U.S. trade officials were critical of a report issued this week on ways to reduce excess capacity in the global steel market. More than 30 steel producing countries representing 90 percent of global steel manufacturing launched the Global Forum on Excess Steel Capacity in December 2016 in an effort to address the systemic issues causing the global steel crisis. The European Union said forum members have now agreed on “an ambitious package of concrete policy solutions,” but the Office of the U.S. Trade Representative said “much work remains.”
The forum’s report calls on member countries to remove and refrain from adopting market-distorting subsidies and other support measures provided by governments and government-related entities that contribute to excess capacity or encourage companies to undertake capacity expansion projects or maintain consistently loss-making or uneconomic steel plants. The report also makes a number of other recommendations on creating a level playing field, industry restructuring, capacity reduction targets, mergers and acquisitions, export credits, and transparency.

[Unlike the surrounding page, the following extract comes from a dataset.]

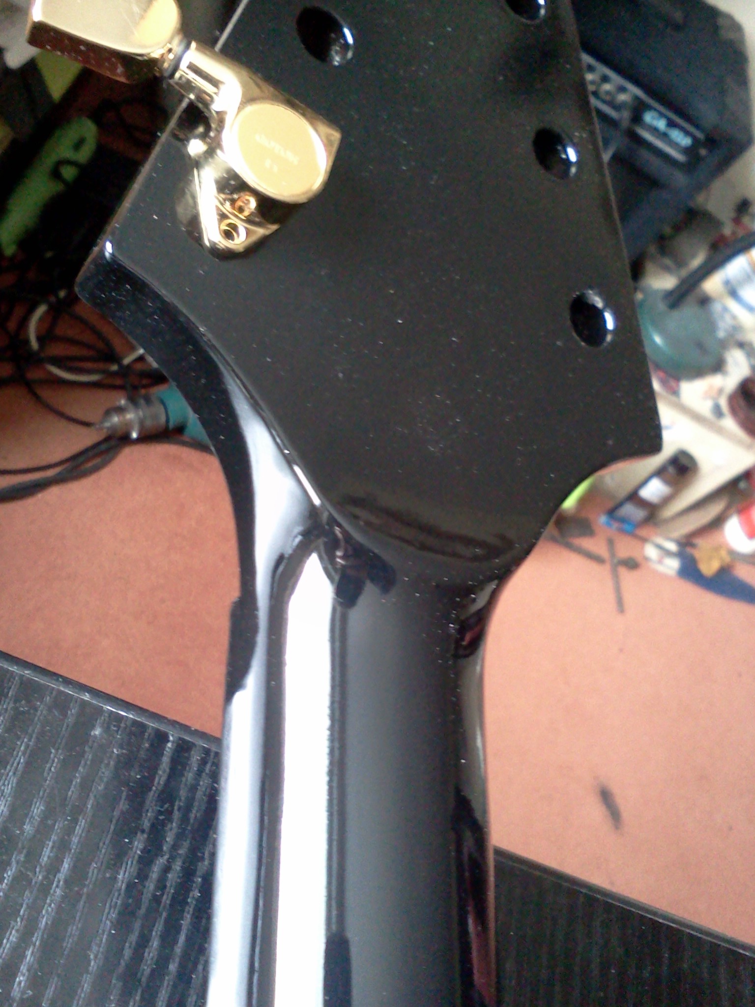Rozrobiłem przy tym za dużo lakieru, więc psiknęłem też resztę gitary. Większołę tego lakieru zeszlifowałem, traktujęc go jako pierwszę warstwę podkładu.

The EU characterized these measures as an “agreed package” and said there is a “robust monitoring mechanism” to track implementation in 2018 and 2019. However, USTR suggested that the forum had succeeded only in “pointing to short-term developments and worn out promises.” USTR acknowledged the report’s “many helpful policy prescriptions” but said “meaningful progress” in addressing the root causes of steel excess capacity will only come through “immediate and sustained concrete action by all steelmakers, including allowing markets to function, removing market-distorting subsidies and other forms of state support, and treating state-owned enterprises and private steelmakers equally.” Until that happens, USTR said, the U.S. “will not hesitate” to use other tools to “firmly respond to the causes and consequences of steel excess capacity.”